Sculpture by Marcel Duchamp

Rotary Demisphere (Precision Optics) is a 1925 kinetic sculpture by Marcel Duchamp.

The work consists of a globe cut in half and painted with concentric circles osculating in a spiral, mounted on velvet in a copper and plexiglass dome, and fitted on a metal stand with a flywheel, pulley, and electric motor. When powered on, the dome spins and the spiral appears to pulsate.

Duchamp built Rotary Demisphere shortly after returning to Europe from the United States intending to pursue a career not as an artist but a professional chess player, first in Brussels and then Paris. He took a part-time job as "librarian and artistic advisor" to dressmaker and art collector Jacques Doucet, who purchased some of Duchamp's work on the advice of friend and writer André Breton; this working relationship eventually led Doucet to commission Rotary Demisphere.

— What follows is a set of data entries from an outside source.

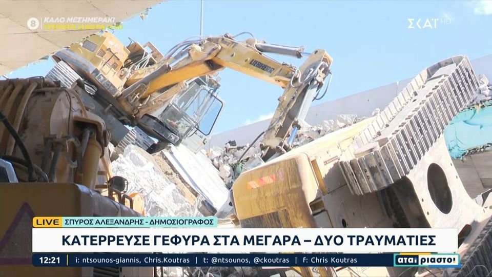Κατέρρευσε γέφυρα στα Μέγαρα - Δύο τραυματίες
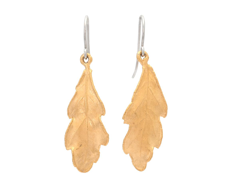EARRINGS, gold-plated oak leaves, Bluealg design, hooks in sterling silver, length 47,0 mm, weight 3,0 g.
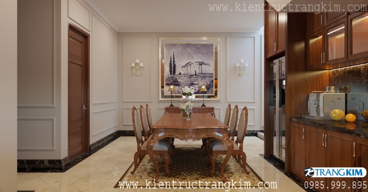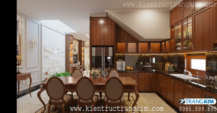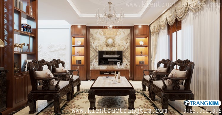 Bạn có thể sử dụng sofa bọc da, bàn ăn gỗ chạm khắc tinh xảo và các chi tiết trang trí cầu kỳ
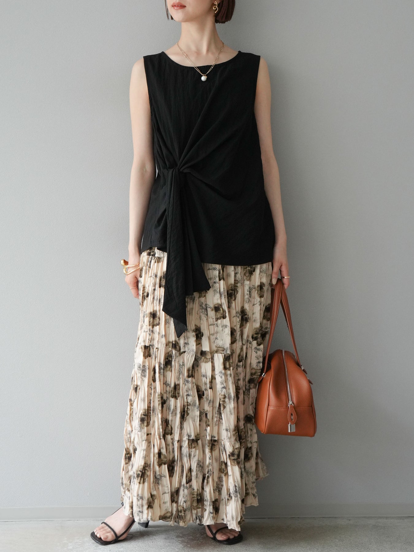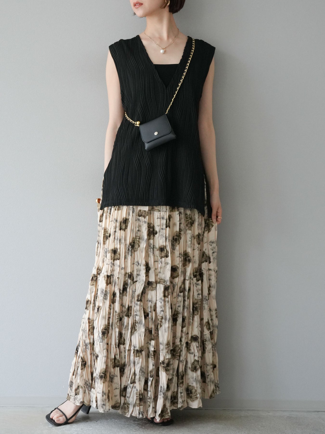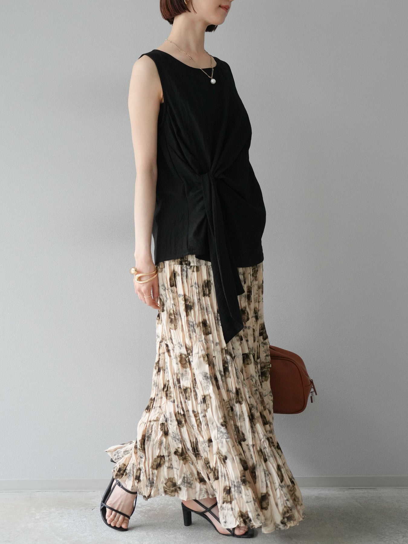 立体感のあるワッシャー加工が施された軽やかな素材に、華やかで印象的なフラワープリントをのせたロングスカート。動くたびにふんわり揺れるシルエットと繊細なプリーツが、女性らしさを引き立ててくれる1枚です。ウエストはゴム仕様でストレスフリーな穿き心地ながら、しっかりと腰位置で決まる設計になっており、トップスインも美しく決まります。Tシャツやタンクトップと合わせてカジュアルにも、ブラウスと合わせてフェミニンにも活躍する万能スカートです。 ※ボトムス、キャミソール(インナー)以外の商品は一律でインナーは付属していません。
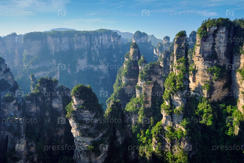 Известная туристическая достопримечательность Китая - каменные столбы скальных гор Чжанцзянджи при закате солнца в Улингюане, провинция Хунань, Китай
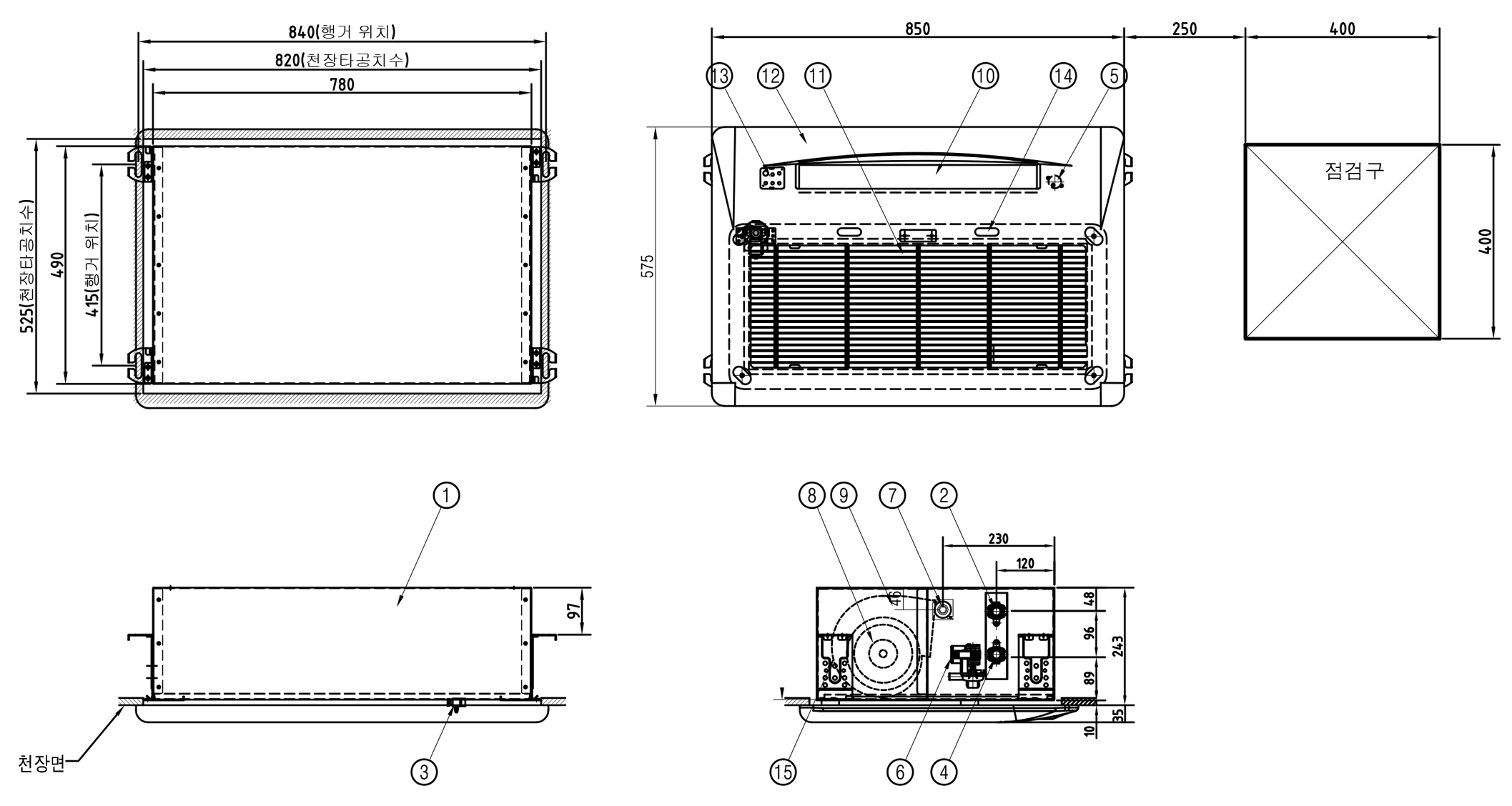 | External Material | Main Body: Zinc-Coated Steel Plate (0.8 t, 1.0 t) / Grille Panel: Injection Molded (HIPS, ABS Material) | |||||||
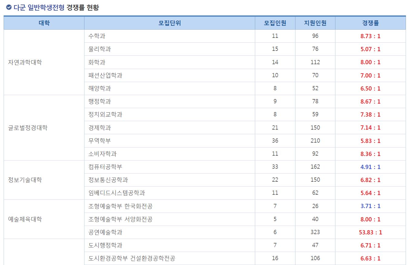 다군 일반학생전형에서 가장 경쟁률이 높았던 학과는 공연예술학과(53.83:1), 수학과(8.73:1), 행정학과(8.67:1) 순이었습니다.
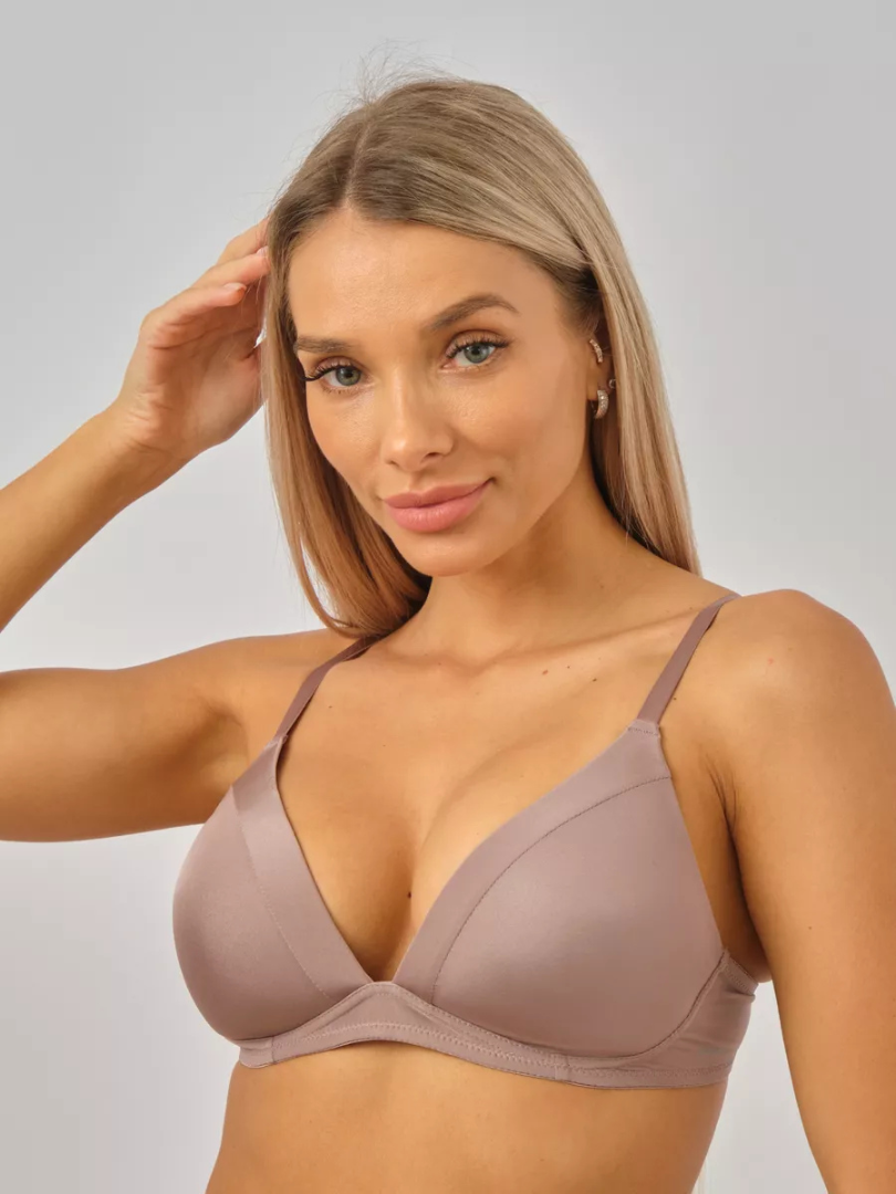 Sutien triunghiular din microfibră ultralight moale și lejeră. Nu are arcuri, cu cupe ușor căptușite și balene laterale care învăluie delicat bustul. Bretelele sunt îmbrăcate în microfibră și sunt reglabile în partea din spate.

Rotary Demisphere is one of several experiments the artist undertook with motorized spiraling optical illusions. His first design, titled Rotating glass blades, precision optics (Rotative plaques verre, optique de précision), featured fan-like glass blades, one of which "nearly decapitated" Man Ray when it flew off during operation. Rotary Demisphere bears most similarity to his "rotoreliefs", which feature prominently in his 1926 short film Anemic Cinema. Like Anemic Cinema, Rotary Demisphere features nonsensical wordplay, another of Duchamp's trademarks, engraved onto its copper mounting ring: "Rrose Sélavy et moi esquivons les ecchymoses des esquimaux aux mots exquis" (Rrose Sélavy and I dodge the Eskimos’ bruises with exquisite words). Rrose Sélavy is Duchamp's pseudonym, sometimes described as his alter ego, who appears in many of Duchamp's works.

Rotary Demisphere (Precision Optics) is currently held by the Museum of Modern Art of New York, which has retrofitted the sculpture with a modern motor and powers it on for five minutes at a time twice daily. A photograph of the sculpture by Man Ray sold at auction in 2017 for .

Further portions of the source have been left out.